Lindsey White: "Fantastico!"

24 May - 13 July 2024

OPENING RECEPTON: Friday, May 24, 5:30-8 PM

 

Casemore Gallery is pleased to announce Fantastico!, Lindsey White’s second solo exhibition with the gallery. The show is named for the iconic local party supply store, which served San Francisco for 64 years and closed in 2020. Fantastico! continues to inspire White’s practice, and the store’s often handmade and carefully stocked merchandise—artificial trees and flowers, paper bells, 200-foot table clothes, and much more—were transformed from party to art supplies in her studio.

 

The closure of many small, local, and unique businesses is just one way the San Francisco landscape is rapidly changing. Fantastico’s departure is an especially tough blow, and the critical qualities it represented, like gathering, celebrating, surprise, and delight, can feel in awfully sort supply these days.

 

The last few years have also seen the closure of the San Francisco Art Institute (SFAI), where White was Associate Professor and Chair of Photography, and where she taught since 2010. Its shuttering after 152 years not only represents a massive shift in arts education—and the further corporatization of everything under the sun—but in the cultural life of the city.

 

White’s efforts are informed by humor, irreverence, and of making light of even the heaviest circumstances, and Fantastico! explores magic and possibility as much as precarity and brokenness.
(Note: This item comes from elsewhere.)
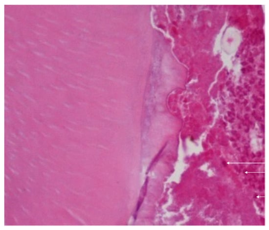 Histological analysis in all groups also exhibited periapical lesions with enlargement of the periodontal space and disorganization of the periodontal ligaments, with large number of macrophages present throughout the periodontal ligament (arrow), and no osteonecrosis was observed. Magnification: 400×.

The exhibition, which features video, painting, photography, and sculpture, addresses community, risk-taking, and a life beyond the institution or academy.

 

A key element of the exhibition is What? Is? Art?, a new book published by Colpa Press in an edition of 200. What? Is? Art? is a collection of White’s photographs made on the pandemic-empty SFAI campus alongside writings by nine anonymous professors who teach in private art schools or public art departments across the country. White states: “There aren’t many public conversations about the experience that educators face in art academia. It is my hope that these texts and images memorialize and contemplate the complexity of arts education in this protracted moment of instability.”